Sclerocactus johnsonii subsp. erectocentrus
- Conservation status: Vulnerable (NatureServe)

Scientific classification
- Kingdom: Plantae
- Clade: Tracheophytes
- Clade: Angiosperms
- Clade: Eudicots
- Order: Caryophyllales
- Family: Cactaceae
- Subfamily: Cactoideae
- Genus: Sclerocactus
- Species: S. johnsonii
- Subspecies: S. j. subsp. erectocentrus
- Trinomial name: Sclerocactus johnsonii subsp. erectocentrus (J.M.Coult.) M.A.Baker
- Synonyms: Echinocactus beguinii F.A.C.Weber ex K.Schum. ; Echinocactus erectocentrus J.M.Coult. ; Echinocactus krausei Hildm. ex Mathsson ; Echinomastus erectocentrus (J.M.Coult.) Britton & Rose ; Echinomastus krausei (Hildm. ex Mathsson) Berger ex Borg ; Gymnocactus beguinii (F.A.C.Weber ex K.Schum.) Backeb. ; Neolloydia beguinii (F.A.C.Weber ex K.Schum.) Britton & Rose ; Neolloydia beguinii var. senilis (Josefski) F.M.Knuth ; Neolloydia erectocentra (J.M.Coult.) L.D.Benson ; Neolloydia smithii var. beguinii (F.A.C.Weber ex K.Schum.) Kladiwa & Fittkau ; Pediocactus erectocentrus (J.M.Coult.) Halda ; Sclerocactus erectocentrus (J.M.Coult.) N.P.Taylor ; Thelocactus erectocentrus (J.M.Coult.) W.T.Marshall ; Thelocactus krausei (Hildm. ex Mathsson) H.P.Kelsey & Dayton ;

= Sclerocactus johnsonii subsp. erectocentrus =

Species of cactus

Sclerocactus johnsonii subsp. erectocentrus, synonyms including Echinomastus erectocentrus, is a subspecies of cactus, known by the common names redspine fishhook cactus, redspine butterfly cactus, acuña cactus, needle-spine pineapple cactus, red pineapple cactus, and purple-spine viznagita. It is native to Arizona in the United States.

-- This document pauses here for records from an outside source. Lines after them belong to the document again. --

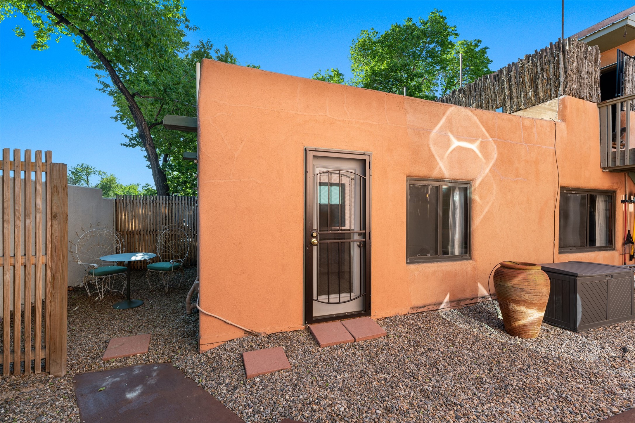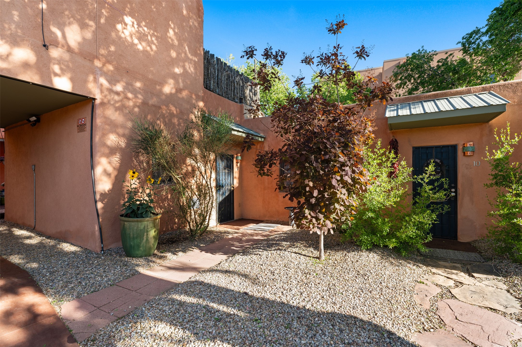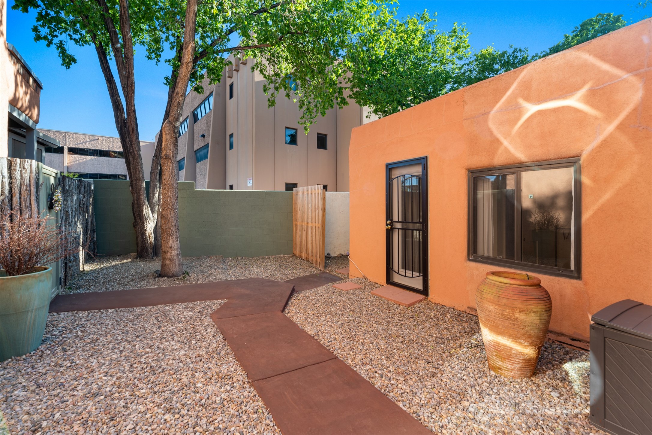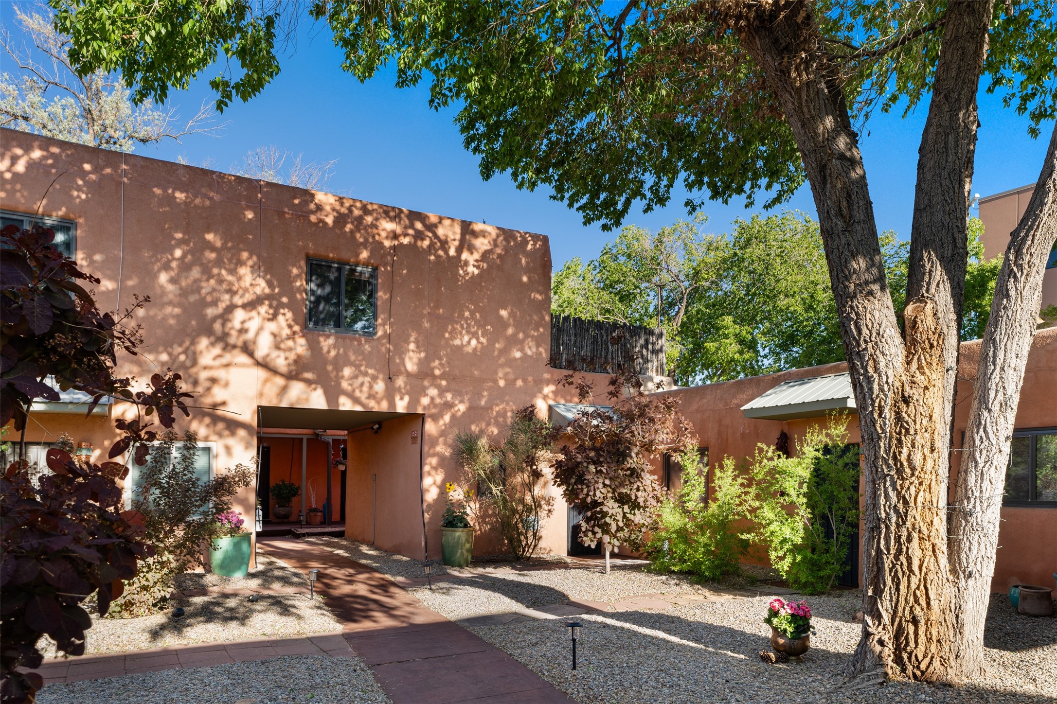 Welcoming, modern style condo in a peaceful garden setting tucked away on a side street in the desirable Santa Fe triangle. This central location has close proximity to the Santa Fe Rail Trail, parks, shopping (including Trader Joe's), and major thoroughfares with easy access to downtown. Enjoy the best of all worlds amidst stunning Santa Fe scenery - convenient living and urban sophistication.Enter through a landscaped courtyard into an open concept living and dining area with a cozy kitchen. The bright bedroom features sleek barn doors, built-in shelving, a laundry area and separate entry. Savor your morning coffee and dinners al fresco in your own back courtyard that can be gated for privacy. This move-in ready condo is a fantastic opportunity for those seeking a vibrant lifestyle near everything Santa Fe has to offer. Schedule a showing today!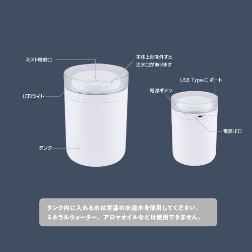シングルミストの卓上加湿器でコンパクトでありながらしっかり潤う。※タンク内に入れる水は常温の水道水を使用してください。ミネラルウォーター、アロマオイルなどは使用できません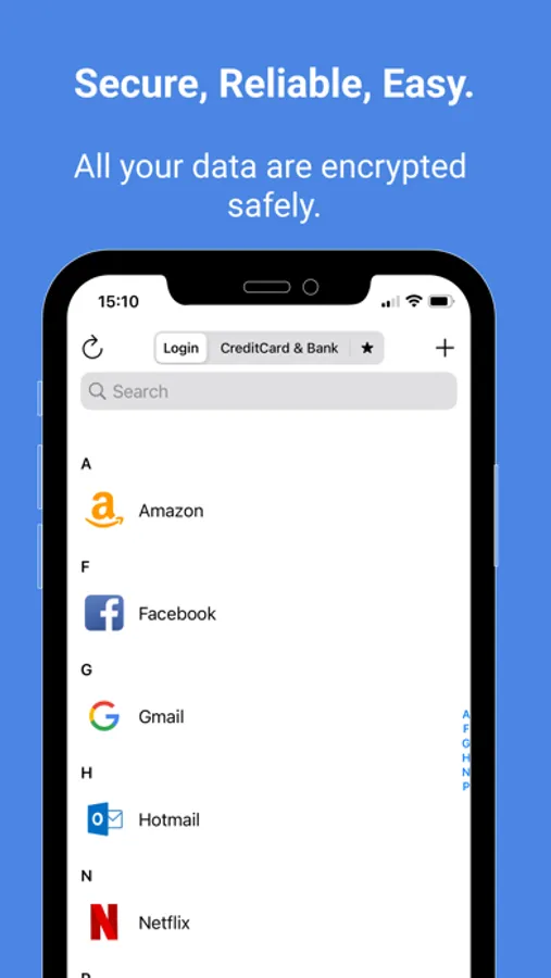 • All your data are encrypted with AES-256 keys in ForPassword app.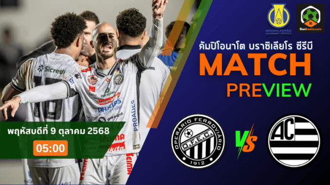 คืนวันพฤหัสบดีที่ 9 ตุลาคม 2568 เวลา 05:00 น. ที่เอสตาดิโอ แกร์มาโน่ ครูแกร์ แฟนบอลเตรียมระเบิดความมันส์กับศึก คัมปิโอนาโต บราซิเลียโร ซีรีบี คู่ที่ดุเดือดไม่แพ้ใคร เมื่อ โอเปราริโอ แฟร์โรวิอาริโอ พีอาร์ ทีมอันดับกลางตาราง เปิดบ้านรับมือ แอธเลติก เอ็มจี ที่กำลังต้องการแต้มเพื่อขยับหนีโซนล่าง เกมนี้ราคาไหลล่าสุดให้เจ้าถิ่น “ต่อ 0.5” สะท้อนความแข็งแกร่งในถิ่นที่พวกเขามักปล่อยของให้เห็นต่อเนื่อง ใครที่กำลังไล่เช็ก ตารางบอลวันนี้ จะรู้เลยว่าคู่นี้มีทุกอารมณ์ทั้งแท็กติกเข้ม ฟาดฟันกลางสนาม และจังหวะสังหารคมกริบให้ลุ้นยาวตลอด 90 นาที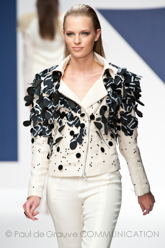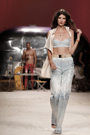 Ad una collezione così ricca di particolari corrisponde una vasta scelta di materiali: più “grezzi”, come cotoni naturali, tele di lino, cady, crepe, pelle e camoscio; più preziosi ,come sete, satin, organze e tulle.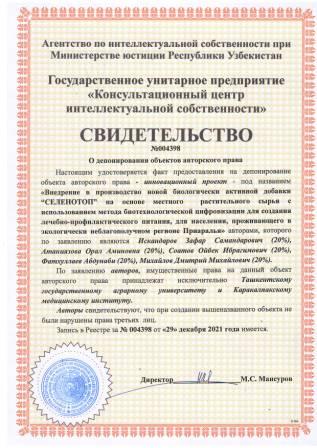 | 5697 | №004398 | Инновационный проект - "Внедрение в производство новой биологически активной добавки “СЕЛЕНОТОП” на основе местного растительного сырья с использованием метода биотехнологической цифровизации для создания лечебно-профилактического питания, для населения, проживающего в экологически неблагополучном регионе Приаралья" | Искандаров Зафар Самандарович (20%), Атаниязова Орал Аминовна (20%), Соатов Ойбек Ибрагимович (20%), Фатхуллаев Абдунаби (20%), Михайлов Дмитрий Михайлович (20%) | Ташкентский государственный аграрный университет и Каракалпакский медицинский институт. | 12/29/2021 | ![]() |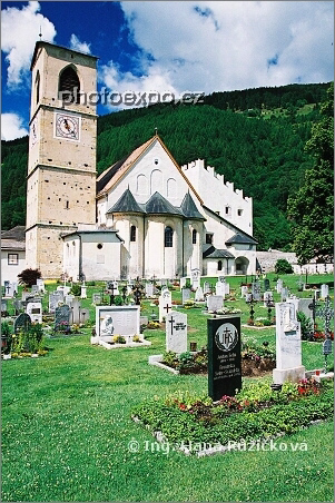 Klášter sv. Jana v Müstairu, který je díky jedinečným freskám od r. 1983 zapsán na seznam světového dědictví UNESCO, a jeho přilehlý hřbitůvek. Müstair, Graubünden, Švýcarsko.

This cactus grows up to about 34 cm tall by 10 cm wide. There are many spines on each areole, the central ones up to 4.4 cm long. The spines are purple, pink, or white with brown tips. The flower is up to 6 cm long by 9 cm wide and has white, pink, or lavender tepals with greenish, brown, or reddish coloration at the bases. It is the first cactus to bloom in Organ Pipe Cactus National Monument, flowering in early March.

This species grows on limestone.

Sclerocactus johnsonii subsp. acunensis is not easily distinguished from S. johnsonii subsp. erectocentrus using morphological characteristics, but they occur in different geographical areas. The former occurs in northern Sonora and north to Florence, Arizona, and the latter occurs around Tucson and areas east.